■ What is needed
Give all the lines below again, exactly, with no pictures.
==== Provided data ====
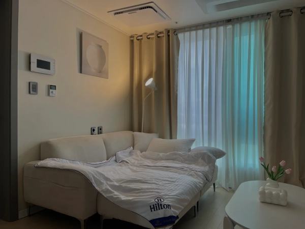 Nuaz11 is a modern stay with the concept of a cloud-like resting place floating in the center of the forest. The city view overlooking the 11th floor, sensuous lighting and modern minimal interiors present a quiet and private day. ✔️Places suitable for couples, solo trips, and business trips ✔️ Hotel-class bedding & latest home appliances ✔️ Elegant lighting mood, relaxing like clouds ✔️ Emotional interior good for photography and video shooting [Check-in: 14:00 / Check-out: 11:00] 💕Please clean up briefly when you leave (separate trash and dispose of food) ⚠️ Never smoke (penalty) — including veranda/toilets Don't go to high-pitched singing late at night Companion is not allowed Allow outside visitors after prior inquiry Nuaz 11 is located in a quiet alley with well-equipped residential and commercial areas near Sillim Station It's a location where you can take care of convenience and privateness at the same time. ⭐ Convenience facilities Sillim Station is 3 minutes away! a 30-second walk to a convenience store 1 minute walk Starbucks, Olive Young, Daiso, Sillim Starlight Street (cafes and restaurants concentrated) Sillim Station Time Stream, Renaissance Street, Dorimcheon Stream Promenade! Relatively safe and quiet residential atmosphere even late at night Delivery food options are very wide (Sillim/Gwanak-gu-centered commercial district) 🌙 The atmosphere It's close to the main street, but it's quiet around the hotel. Especially private at night You can enjoy city view and night view from the 11th floor 🚇 Subway Sillim Station (Line 2) 3 minutes away 15 minutes in Gangnam, 20 minutes in Hongdae, 30 minutes in Myeongdong 🚌 Bus Airport bus 5 minutes away from the dorm! Sillim-ro and Sillim Intersection are rich in major trunk/jisun buses → Easy to move to major areas such as Gangnam, Yeouido, and Yeoksam 🚕 Taxi/Vehicle There's a lot of traffic in the taxi in front of the hotel Mechanical parking available in the building!
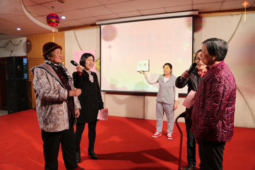 羊年的正月十四晚7:30我公寓全体员工和老人齐聚二楼舞厅,一场重阳版的《奔跑吧,兄弟》正在等着大家。活动内容包括“下腰过杆”“抢凳子”“挤眉弄眼吃饼干”“扮时钟”“你演我猜”。大家摩拳擦掌,跃跃欲试,现场充满了尖叫声和欢笑声。最后,行政二组、康复一区、颐养五区、行政一组分别获得了一二三等奖,其中康复一区和颐养五区并列荣获第二名。
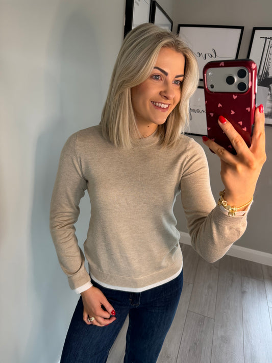 Kaffe KAharriet Chalk/Pink Knit Pullover
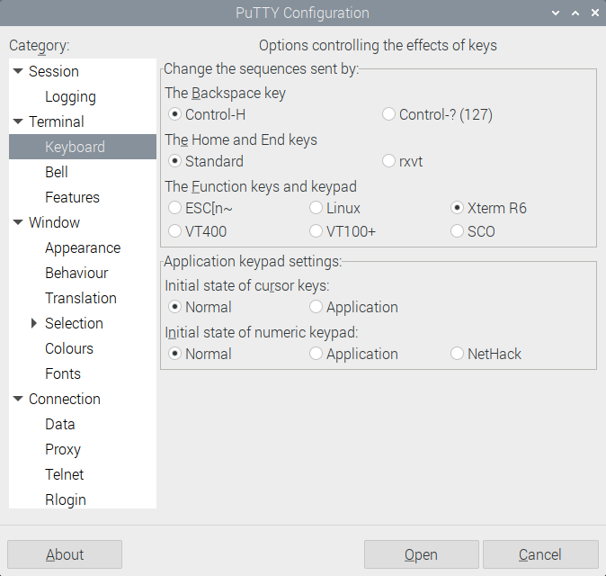 Hi again all; You guys have been more than helpful. Robert talked about GFXterm so I looked at the putty settings and there is a Function Keys and Pad setting option to Xterm R6 so I changed it to that from VT100+. The F5 works properly as far as the quick test that I tried. ![]() I should have remembered that the terminal you emulate makes the behavior different. Again thanks for all the great advice. This forum rocks. ![]() Much happier hobbyist, Hans ... ![]() PS: Added note, I tried my keyboard test and all keys return values as expected now. Hans ... ![]() Edited 2022-10-23 02:07 by Hans |
====
■ Task output
 Nuaz11 is a modern stay with the concept of a cloud-like resting place floating in the center of the forest. The city view overlooking the 11th floor, sensuous lighting and modern minimal interiors present a quiet and private day. ✔️Places suitable for couples, solo trips, and business trips ✔️ Hotel-class bedding & latest home appliances ✔️ Elegant lighting mood, relaxing like clouds ✔️ Emotional interior good for photography and video shooting [Check-in: 14:00 / Check-out: 11:00] 💕Please clean up briefly when you leave (separate trash and dispose of food) ⚠️ Never smoke (penalty) — including veranda/toilets Don't go to high-pitched singing late at night Companion is not allowed Allow outside visitors after prior inquiry Nuaz 11 is located in a quiet alley with well-equipped residential and commercial areas near Sillim Station It's a location where you can take care of convenience and privateness at the same time. ⭐ Convenience facilities Sillim Station is 3 minutes away! a 30-second walk to a convenience store 1 minute walk Starbucks, Olive Young, Daiso, Sillim Starlight Street (cafes and restaurants concentrated) Sillim Station Time Stream, Renaissance Street, Dorimcheon Stream Promenade! Relatively safe and quiet residential atmosphere even late at night Delivery food options are very wide (Sillim/Gwanak-gu-centered commercial district) 🌙 The atmosphere It's close to the main street, but it's quiet around the hotel. Especially private at night You can enjoy city view and night view from the 11th floor 🚇 Subway Sillim Station (Line 2) 3 minutes away 15 minutes in Gangnam, 20 minutes in Hongdae, 30 minutes in Myeongdong 🚌 Bus Airport bus 5 minutes away from the dorm! Sillim-ro and Sillim Intersection are rich in major trunk/jisun buses → Easy to move to major areas such as Gangnam, Yeouido, and Yeoksam 🚕 Taxi/Vehicle There's a lot of traffic in the taxi in front of the hotel Mechanical parking available in the building!
 羊年的正月十四晚7:30我公寓全体员工和老人齐聚二楼舞厅,一场重阳版的《奔跑吧,兄弟》正在等着大家。活动内容包括“下腰过杆”“抢凳子”“挤眉弄眼吃饼干”“扮时钟”“你演我猜”。大家摩拳擦掌,跃跃欲试,现场充满了尖叫声和欢笑声。最后,行政二组、康复一区、颐养五区、行政一组分别获得了一二三等奖,其中康复一区和颐养五区并列荣获第二名。
 Kaffe KAharriet Chalk/Pink Knit Pullover
 Hi again all; You guys have been more than helpful. Robert talked about GFXterm so I looked at the putty settings and there is a Function Keys and Pad setting option to Xterm R6 so I changed it to that from VT100+. The F5 works properly as far as the quick test that I tried. ![]() I should have remembered that the terminal you emulate makes the behavior different. Again thanks for all the great advice. This forum rocks. ![]() Much happier hobbyist, Hans ... ![]() PS: Added note, I tried my keyboard test and all keys return values as expected now. Hans ... ![]() Edited 2022-10-23 02:07 by Hans |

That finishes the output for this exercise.